◆ GOAL OF THE EXERCISE ◆
Only the lines from the top of the listing below to the line that has "From the left" should be echoed, with both ends kept and pictures left out.

◆ AVAILABLE DATA ◆
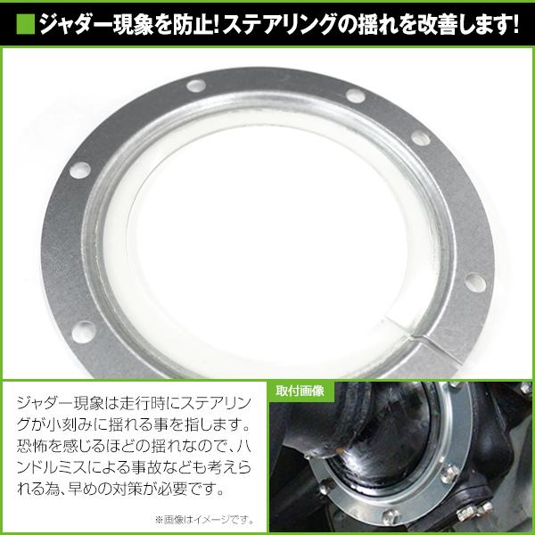 | 【商品説明】 JB系ジムニーの持病、ジャダー現象を解消します。 ジャダー現象は走行時にステアリングが小刻みに揺れる事を指します。 恐怖を感じるほどの揺れなので、ハンドルミスによる事故なども考えられる為、早めの対策が必要です。 約30分ほどの簡単装着です。 ※ハンドルが適度に重くなります。 |
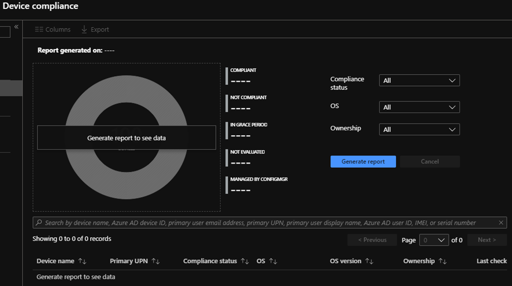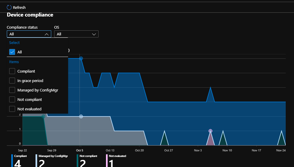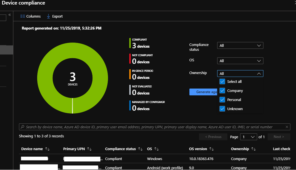 From the left side, you can then browse to a more details compliance state (Device Compliance) report from which you can then do some filtering
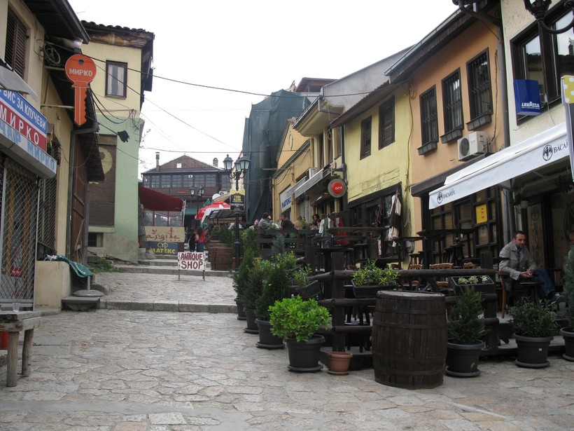 На протяжении всего пребывания в македонской столице меня не оставляло чувство какого-то спокойствия и уюта. Тому «виной» черепичные крыши домиков с зелёными двориками, мощёные улицы, клумбы с прекрасными цветами, ароматы кофе и печева, горы, похожие на спящих драконов. Всё это создаёт атмосферу балканской сказки.
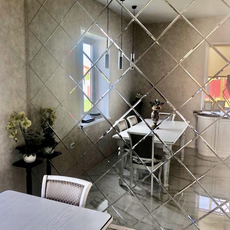 Использована серебряная глянцевая плитка квадратной формы, размером 18х18.

◆ SOLUTION TO THE PROBLEM ◆
 | 【商品説明】 JB系ジムニーの持病、ジャダー現象を解消します。 ジャダー現象は走行時にステアリングが小刻みに揺れる事を指します。 恐怖を感じるほどの揺れなので、ハンドルミスによる事故なども考えられる為、早めの対策が必要です。 約30分ほどの簡単装着です。 ※ハンドルが適度に重くなります。 |
 From the left side, you can then browse to a more details compliance state (Device Compliance) report from which you can then do some filtering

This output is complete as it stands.